InterCLIP-MEP: Interactive CLIP and Memory-Enhanced Predictor for Multi-modal Sarcasm Detection

Junjie Chen,Hang Yu,Weidong Liu,Subin Huang,Sanmin Liu
2024-08-13
Abstract:The prevalence of sarcasm in social media, conveyed through text-image combinations, presents significant challenges for sentiment analysis and intention mining. Existing multi-modal sarcasm detection methods have been proven to overestimate performance, as they struggle to effectively capture the intricate sarcastic cues that arise from the interaction between an image and text. To address these issues, we propose InterCLIP-MEP, a novel framework for multi-modal sarcasm detection. Specifically, we introduce an Interactive CLIP (InterCLIP) as the backbone to extract text-image representations, enhancing them by embedding cross-modality information directly within each encoder, thereby improving the representations to capture text-image interactions better. Furthermore, an efficient training strategy is designed to adapt InterCLIP for our proposed Memory-Enhanced Predictor (MEP). MEP uses a dynamic, fixed-length dual-channel memory to store historical knowledge of valuable test samples during inference. It then leverages this memory as a non-parametric classifier to derive the final prediction, offering a more robust recognition of multi-modal sarcasm. Experiments demonstrate that InterCLIP-MEP achieves state-of-the-art performance on the MMSD2.0 benchmark, with an accuracy improvement of 1.08% and an F1 score improvement of 1.51% over the previous best method.

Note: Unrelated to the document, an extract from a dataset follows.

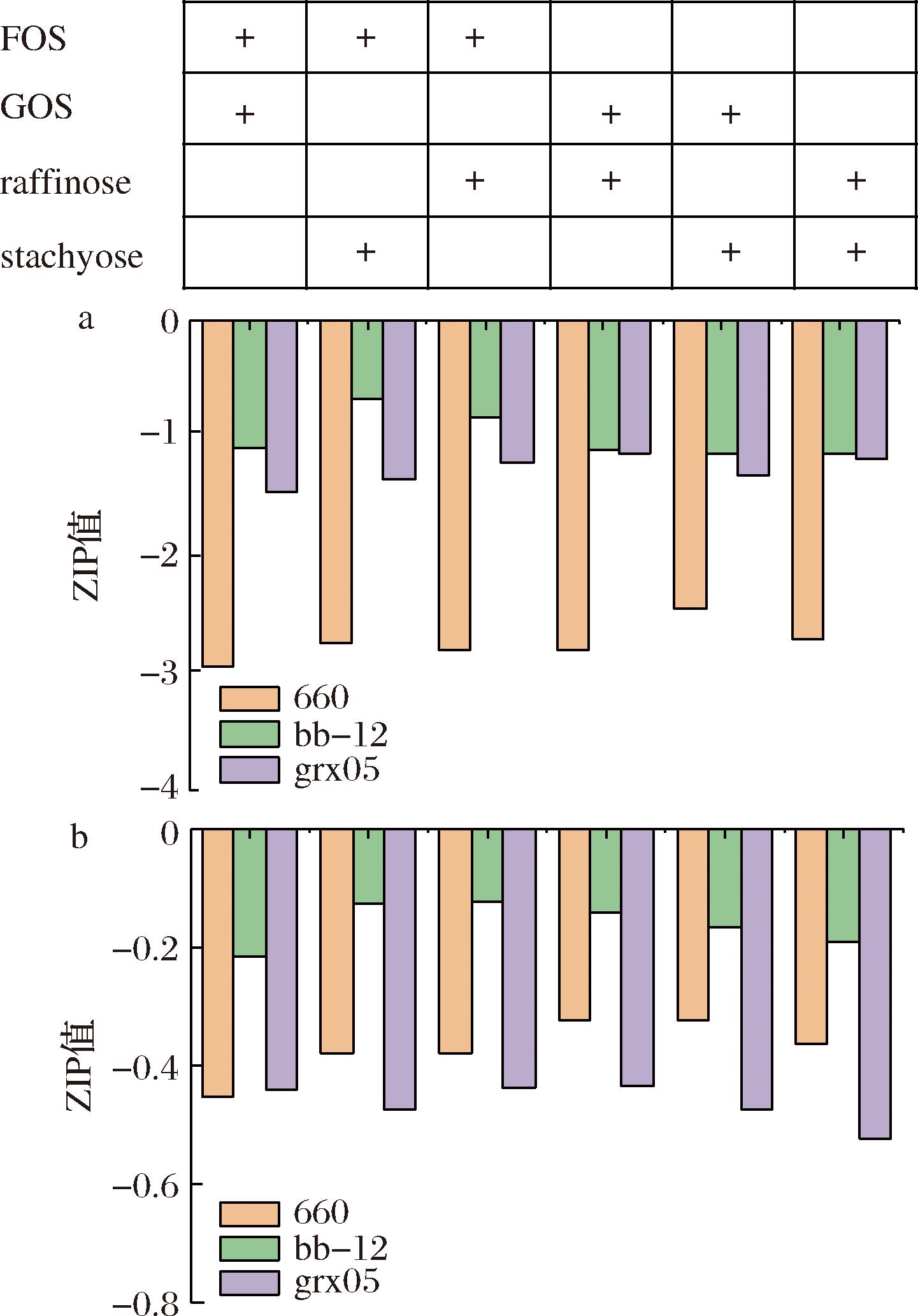 分别选取每一株菌在54种低聚糖组合培养基中生长的最大ΔOD600值和最大比生长率,利用SynergyFinder 3.0分析其组合效应。协同效应评分采用零相互作用效价ZIP模型[14]。若结果的Z>10,则表明分析的2种低聚糖之间存在协同效应;-10 所有实验重复3次。采用SPSS软件对试验数据进行统计分析。检验结果以“平均值±标准差”表示。Origin 2018用于绘图。P<0.05为差异有统计学意义。 如图1所示,在一定范围内随着低聚糖浓度的增加,菌株最大ΔOD600也在逐渐增大。当低聚糖浓度过高时,会抑制菌株的生长,OD600趋于平缓甚至下降。每株菌达到最大ΔOD600和最大比生长率对应的低聚糖组合不同,表现出了特定的低聚糖组合偏好性。 A-B.breve grx05;B-B.animals bb-12;C-L.plantarum 660 图1 菌株在不同低聚糖组合培养基中的生长曲线 如图2所示,B.breve grx05 在54种低聚糖组合培养基中的最大ΔOD600值为0.80,其次为0.79和0.78,最大比生长率为0.34,其次为0.31和0.28。B.animals bb-12 在54种低聚糖组合培养基中的最大ΔOD600值为0.81,其次为0.69和0.67,最大比生长率为0.34,其次为0.25和0.27。L.plantarum 660 在54种低聚糖组合培养基中的最大ΔOD600值为1.76,其次为1.73和1.67,最大比生长率为0.38,其次为0.32和0.30。 A-最大细胞生长量(ΔOD600);B-最大比生长速率 图2 菌株在不同低聚糖组合培养基中的生长情况 不同低聚糖组合促进菌株生长的能力不同。低聚糖作为菌株生长的底物,不仅影响菌株生长的最大OD600值也会影响菌株的生长速率。益生菌在低聚糖组合中的生长速率将影响它们在结肠中与其他肠道微生物的竞争能力。 分别以最大细胞生长量和最大比生长率为指标,基于SynergyFinder 3.0探究54组低聚糖组合对3株菌生长的组合效应。结果如图3所示,本实验条件下所有低聚糖组合的ZIP值都在10以下(-0.125~-2.945)。这表明在本实验的条件下,2种寡糖之间均不存在协同作用,而是存在叠加效应(-10 a-最大细胞生长量(ΔOD600);b-最大比生长率 图3 基于SynergyFinder 3.0的低聚糖组合促进菌株生长的组合效应分析 本结果与FAYED等[21]的报道不同,其采用Chou-Talalay方法分析壳寡糖-FOS、壳寡糖-乳果糖、壳寡糖-菊粉组合对B.animals bb-12生长的促进作用,发现多数都属于协同作用。而本研究采用的是零相互作用效力(zero interaction potency,ZIP)模型[14]。协同性分析模型的差异,可能是导致结果差异的原因。其次,FAYED等[21]采用的低聚糖组合中都含有壳寡糖,壳寡糖是自然界中唯一带正电荷阳离子碱性氨基低聚糖,不同低聚糖对菌株生长的影响不同,可能是导致结果差异的另一个原因[22-23]。 需要注意的是,有研究表明低聚糖与益生菌组合对促进体内营养物质的消化吸收、调节体内免疫应答等表现出潜在的协同效应[24-25]。另有研究指出,基于基因组尺度的代谢网络模型预测益生菌与低聚糖的最佳组合以及益生菌代谢之间的相互作用,以此构建协同性合生元,有助于降低随机试错实验,提高成功效率[26-27]。未来结合代谢网络预测模型,继续在体内探究益生菌-低聚糖组合的协同效应,对协同性合生元的理性设计和产品开发十分必要。 益生菌在不同低聚糖组合的生长具有菌株特异性。选择菌株生长量较高的前3种低聚糖组合,并比较对应的比生长速率,确定最有利于菌株生长的低聚糖组合。结果如表2所示,L.plantarum 660在前3种低聚糖组合中生长的ΔOD600值分别为1.758、1.729、1.672,无显著性差异。但是在FOS2.5+GOS5组合中的比生长速率最大,为本实验条件下最有利于L.plantarum 660生长的低聚糖组合。最有利于B.animals bb-12、B.breve grx05生长的低聚糖组合分别为GOS10+STA10、FOS10+GOS10。 表2 不同低聚糖组合培养基中菌株生长的最大生物量和最大比生长率 菌种低聚糖组合最大细胞产量(ΔOD600)最大比生长速率/h660FOS2.5+STA51.758a0.21bFOS2.5+GOS51.729a0.23aFOS5+RAF51.672a0.21bbb-12FOS2.5+GOS100.810a0.27bRAF10+STA100.686b0.25aGOS10+STA100.673b0.34agrx05FOS10+GOS100.799a0.31aFOS10+STA100.794a0.26bGOS10+RAF100.746a0.16c 注:不同小写字母表示差异显著(P<0.05)。 本研究以最大细胞生长量(ΔOD600)和最大比生长率为指标,基于SynergyFinder 3.0理性分析了54种低聚糖组合对3种益生菌生长的组合效应。结果表明菌株达到最大ΔOD600和最大比生长率对应的低聚糖组合不同,表现出了特定的低聚糖组合偏好性。采用零相互作用效力模型进行协同效应分析,本实验条件下所有低聚糖组合的ZIP值都在10以下,表明2种寡糖组合对菌株生长的促进作用不属于协同效应,而是叠加效应(-10 [1] MARCO M L, SANDERS M E, G [2] WU S Y, XU Y, CHEN Z Q, et al.Lactiplantibacillus plantarum ZJ316 reduces Helicobacter pylori adhesion and inflammation by inhibiting the expression of adhesin and urease genes[J].Molecular Nutrition &Food Research, 2023, 67(18):2300241. [3] XU J, TU M L, FAN X K, et al.A novel strain of Levilactobacillus brevis PDD-5 isolated from salty vegetables has beneficial effects on hyperuricemia through anti-inflammation and improvement of kidney damage[J].Food Science and Human Wellness, 2024, 13(2):898-908. [4] LI M Y, XU X X, JIA Y F, et al.Transformation of mulberry polyphenols by Lactobacillus plantarum SC-5:Increasing phenolic acids and enhancement of anti-aging effect[J].Food Research International, 2024, 192:114778. [5] WANG H Y, DAI J X, HAN Y F, et al.Screening and evaluation of a novel nucleotide-degrading Levilactobacillus brevis grx821 with anti-hyperuricemia ability[J].Food Bioscience, 2024, 60:104337. [6] WOLTER M, GRANT E T, BOUDAUD M, et al.Leveraging diet to engineer the

Computation and Language,Artificial Intelligence,Computer Vision and Pattern Recognition
What problem does this paper attempt to address?
The paper aims to address the problem of multimodal sarcasm detection in social media. Specifically, existing multimodal sarcasm detection methods often overestimate their performance when dealing with the complex sarcastic cues conveyed by the combination of images and text. To tackle these issues, the authors propose a new framework named InterCLIP-MEP. The framework includes the following main components: 1. **Interactive CLIP (InterCLIP)**: Enhances the ability to capture text-image representations by embedding information from one modality into the encoder of the other modality. 2. **Memory-Enhanced Predictor (MEP)**: Utilizes a dynamic fixed-length dual-channel memory to store historical knowledge, acting as a non-parametric classifier during inference, thereby improving the robustness and reliability of multimodal sarcasm detection. Experimental results show that InterCLIP-MEP achieves state-of-the-art performance on the MMSD2.0 benchmark dataset, with an accuracy improvement of 1.08% and an F1 score improvement of 1.51% compared to the previous best method. This validates the effectiveness of the proposed method.